_Task goal_
Line by line, output the data that follows exactly as written.

Stored records:

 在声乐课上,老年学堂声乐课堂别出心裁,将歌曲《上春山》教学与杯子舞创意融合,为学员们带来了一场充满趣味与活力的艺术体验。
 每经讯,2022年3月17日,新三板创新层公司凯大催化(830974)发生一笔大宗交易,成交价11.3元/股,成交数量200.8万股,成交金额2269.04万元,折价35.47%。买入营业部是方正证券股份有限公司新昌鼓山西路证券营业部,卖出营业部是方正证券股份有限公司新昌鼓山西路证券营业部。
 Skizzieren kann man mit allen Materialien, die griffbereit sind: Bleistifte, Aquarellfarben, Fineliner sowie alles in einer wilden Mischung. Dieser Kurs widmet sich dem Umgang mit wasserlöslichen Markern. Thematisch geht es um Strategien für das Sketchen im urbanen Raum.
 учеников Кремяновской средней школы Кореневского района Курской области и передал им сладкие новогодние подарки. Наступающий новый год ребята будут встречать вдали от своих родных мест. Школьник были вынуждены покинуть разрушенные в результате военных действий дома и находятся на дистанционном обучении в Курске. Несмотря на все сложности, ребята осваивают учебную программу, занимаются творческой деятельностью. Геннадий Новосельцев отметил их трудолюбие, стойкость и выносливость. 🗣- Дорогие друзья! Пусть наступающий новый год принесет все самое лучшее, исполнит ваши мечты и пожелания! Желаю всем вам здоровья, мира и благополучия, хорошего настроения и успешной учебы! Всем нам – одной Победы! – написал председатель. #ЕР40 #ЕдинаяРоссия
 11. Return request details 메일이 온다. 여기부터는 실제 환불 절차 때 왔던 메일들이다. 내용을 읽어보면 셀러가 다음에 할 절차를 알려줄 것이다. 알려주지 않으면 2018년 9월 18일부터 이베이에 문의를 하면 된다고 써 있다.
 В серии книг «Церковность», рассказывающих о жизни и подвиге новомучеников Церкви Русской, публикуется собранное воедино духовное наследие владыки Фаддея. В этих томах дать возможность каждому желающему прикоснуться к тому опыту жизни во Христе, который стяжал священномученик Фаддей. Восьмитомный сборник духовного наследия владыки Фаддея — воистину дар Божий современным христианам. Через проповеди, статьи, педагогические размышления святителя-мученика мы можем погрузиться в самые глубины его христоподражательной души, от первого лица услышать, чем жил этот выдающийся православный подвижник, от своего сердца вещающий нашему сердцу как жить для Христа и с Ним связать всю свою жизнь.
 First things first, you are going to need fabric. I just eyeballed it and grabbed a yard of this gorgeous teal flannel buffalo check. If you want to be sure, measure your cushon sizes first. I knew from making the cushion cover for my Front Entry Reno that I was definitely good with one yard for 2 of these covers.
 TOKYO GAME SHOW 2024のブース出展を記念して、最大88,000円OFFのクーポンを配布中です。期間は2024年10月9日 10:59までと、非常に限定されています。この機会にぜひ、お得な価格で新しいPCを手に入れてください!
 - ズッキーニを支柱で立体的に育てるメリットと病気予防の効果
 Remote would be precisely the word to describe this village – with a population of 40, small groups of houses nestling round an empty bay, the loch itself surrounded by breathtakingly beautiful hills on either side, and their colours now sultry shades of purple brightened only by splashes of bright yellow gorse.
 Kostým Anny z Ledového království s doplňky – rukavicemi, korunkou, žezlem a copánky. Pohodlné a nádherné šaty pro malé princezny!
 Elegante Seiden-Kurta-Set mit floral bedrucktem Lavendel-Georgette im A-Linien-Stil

_Response below_
 在声乐课上,老年学堂声乐课堂别出心裁,将歌曲《上春山》教学与杯子舞创意融合,为学员们带来了一场充满趣味与活力的艺术体验。
 每经讯,2022年3月17日,新三板创新层公司凯大催化(830974)发生一笔大宗交易,成交价11.3元/股,成交数量200.8万股,成交金额2269.04万元,折价35.47%。买入营业部是方正证券股份有限公司新昌鼓山西路证券营业部,卖出营业部是方正证券股份有限公司新昌鼓山西路证券营业部。
 Skizzieren kann man mit allen Materialien, die griffbereit sind: Bleistifte, Aquarellfarben, Fineliner sowie alles in einer wilden Mischung. Dieser Kurs widmet sich dem Umgang mit wasserlöslichen Markern. Thematisch geht es um Strategien für das Sketchen im urbanen Raum.
 учеников Кремяновской средней школы Кореневского района Курской области и передал им сладкие новогодние подарки. Наступающий новый год ребята будут встречать вдали от своих родных мест. Школьник были вынуждены покинуть разрушенные в результате военных действий дома и находятся на дистанционном обучении в Курске. Несмотря на все сложности, ребята осваивают учебную программу, занимаются творческой деятельностью. Геннадий Новосельцев отметил их трудолюбие, стойкость и выносливость. 🗣- Дорогие друзья! Пусть наступающий новый год принесет все самое лучшее, исполнит ваши мечты и пожелания! Желаю всем вам здоровья, мира и благополучия, хорошего настроения и успешной учебы! Всем нам – одной Победы! – написал председатель. #ЕР40 #ЕдинаяРоссия
 11. Return request details 메일이 온다. 여기부터는 실제 환불 절차 때 왔던 메일들이다. 내용을 읽어보면 셀러가 다음에 할 절차를 알려줄 것이다. 알려주지 않으면 2018년 9월 18일부터 이베이에 문의를 하면 된다고 써 있다.
 В серии книг «Церковность», рассказывающих о жизни и подвиге новомучеников Церкви Русской, публикуется собранное воедино духовное наследие владыки Фаддея. В этих томах дать возможность каждому желающему прикоснуться к тому опыту жизни во Христе, который стяжал священномученик Фаддей. Восьмитомный сборник духовного наследия владыки Фаддея — воистину дар Божий современным христианам. Через проповеди, статьи, педагогические размышления святителя-мученика мы можем погрузиться в самые глубины его христоподражательной души, от первого лица услышать, чем жил этот выдающийся православный подвижник, от своего сердца вещающий нашему сердцу как жить для Христа и с Ним связать всю свою жизнь.
 First things first, you are going to need fabric. I just eyeballed it and grabbed a yard of this gorgeous teal flannel buffalo check. If you want to be sure, measure your cushon sizes first. I knew from making the cushion cover for my Front Entry Reno that I was definitely good with one yard for 2 of these covers.
 TOKYO GAME SHOW 2024のブース出展を記念して、最大88,000円OFFのクーポンを配布中です。期間は2024年10月9日 10:59までと、非常に限定されています。この機会にぜひ、お得な価格で新しいPCを手に入れてください!
 - ズッキーニを支柱で立体的に育てるメリットと病気予防の効果
 Remote would be precisely the word to describe this village – with a population of 40, small groups of houses nestling round an empty bay, the loch itself surrounded by breathtakingly beautiful hills on either side, and their colours now sultry shades of purple brightened only by splashes of bright yellow gorse.
 Kostým Anny z Ledového království s doplňky – rukavicemi, korunkou, žezlem a copánky. Pohodlné a nádherné šaty pro malé princezny!
 Elegante Seiden-Kurta-Set mit floral bedrucktem Lavendel-Georgette im A-Linien-Stil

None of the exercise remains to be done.